Monday, May 17, 2010

Labor of Love

Love drives me to do things I feel like I can't do. The night Ashley died Emma brought me two books, wanting me to read them to her. I remember picking her up, and I read those two books with her in my lap. The one book she picked was called "Someday", it is a book about a mother's conversation with her child...talking about the things her child will do "someday" as the child grows older. My heart bled as I read these things that I would never get to do "someday" with my Ashley. My hopes and dreams shattered before me as I read to my little girl.

This picture is how I would describe the shape of my life from that day on. (Not that I didn't do things for my kids before the accident, it's just different now.) I physically and emotionally can't do most things. For some reason...actually, for the three little bodies in my life....I have been able to sacrifice even my own agony to give them what they need. I have been a wounded soldier on the battlefield limping around, bleeding and broken...attending to the needs of the other wounded soldiers.

In the days and months to follow July 24th, 2009, I have chosen to care for my children. I have pushed past the tears and the open wounds to sing them to sleep. I have read books and Bible stories. I have prayed with them when I have been too paralyzed to pray myself. I have kissed their hurts, cuddled their tears. I have bathed them, fed them, played with them....when I didn't have the strength to get off the couch. I have spent hours during the night getting up with them, sleeping with them, soothing their fears. In each moment, my heart was bleeding, my soul was broken. But this, for my children.
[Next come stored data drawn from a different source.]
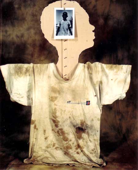 L'unification de la poussière, de la sueur et du sang sur ces vêtements de coton imprimé les transforment en "Véronique" de notre temps. Et puisque nous sommes en Afrique je pense aussi aux collectionneurs d'Art africain qui s'assurent que les masque de danse et de transe portent bien les marques de sueur pour en vérifier "l'authenticité".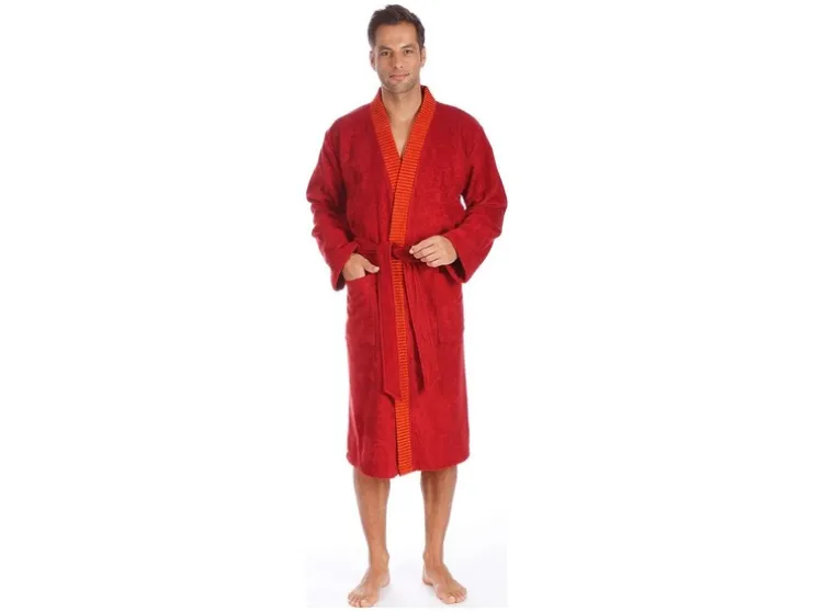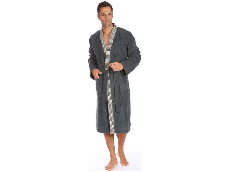 Een klassieke kimono voor elke gelegenheid – de contrasterende gestreepte bies en ton-sur-ton riem maken van deze harmonieus ingetogen mantel een visueel hoogtepunt. Het hoge draagcomfort en de goede vochtabsorptie en twee opgestikte zakken ronden het totaalplaatje perfect af. Je kun je geschikte maat vinden in de maattabel.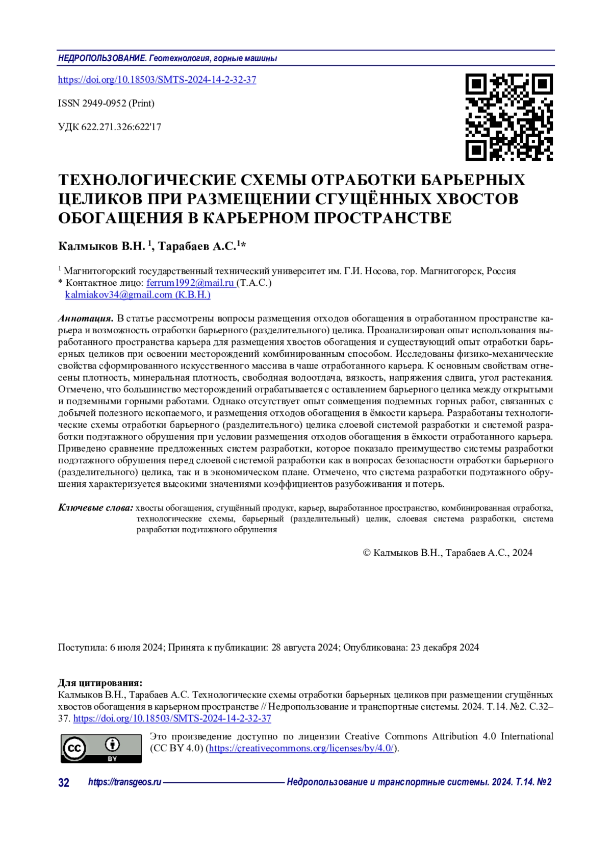 В статье рассмотрены вопросы размещения отходов обогащения в отработанном пространстве карьера и возможность отработки барьерного (разделительного) целика. Проанализирован опыт использования выработанного пространства карьера для размещения хвостов обогащения и существующий опыт отработки барьерных целиков при освоении месторождений комбинированным способом. Исследованы физико-механические свойства сформированного искусственного массива в чаше отработанного карьера. К основным свойствам отнесены плотность, минеральная плотность, свободная водоотдача, вязкость, напряжения сдвига, угол растекания. Отмечено, что большинство месторождений отрабатывается с оставлением барьерного целика между открытыми и подземными горными работами. Однако отсутствует опыт совмещения подземных горных работ, связанных с добычей полезного ископаемого, и размещения отходов обогащения в ёмкости карьера. Разработаны технологические схемы отработки барьерного (разделительного) целика слоевой системой разработки и системой разработки подэтажного обрушения при условии размещения отходов обогащения в ёмкости отработанного карьера. Приведено сравнение предложенных систем разработки, которое показало преимущество системы разработки подэтажного обрушения перед слоевой системой разработки как в вопросах безопасности отработки барьерного (разделительного) целика, так и в экономическом плане. Отмечено, что система разработки подэтажного обрушения характеризуется высокими значениями коэффициентов разубоживания и потерь.

My children need more than that. They needed to build snow forts...like they did with Ashley. They wanted to go to the beach, like we used to. They wanted a Christmas tree...when we wanted to skip over the month of December. They don't understand the kind of pain we feel when with each thing we do without Ashley. They can't understand why we wouldn't do those things, if we did them with Ashley. My children wanted to celebrate their birthdays...just the way we always did. Spring is here and the kids had been dreaming up the garden and what we'd plant in it. (How can I say "no"?) "When are we going to go strawberry picking, Mom?" These things are what they need...and despite my open, bleeding wounds, we do these things...because I love them.

How can I do these things? How can I pick up and continue life without Ashley? God gives me the strength each day...even when I don't ask Him for it. I know it is not my own strength. God loved me so much, He willingly took my shame, my guilt, my sin...upon his perfect self. He was condemned, beaten, forced to carry the cross (my cross)that He was hung upon to die. He bled...FOR ME...out of love. God suffered great pain, because He LOVED ME! This love...is the kind of love that lays down all the desires of one's heart for another. This is the love that drives me each day. This is one way in which I am taking part in the sufferings of Jesus Christ.

1 comment:

  1. Beautifully said, Wendy.

    And know that even though you aren't able to ask God for the strength you need right now, there are many people who are asking Him for you. Every day.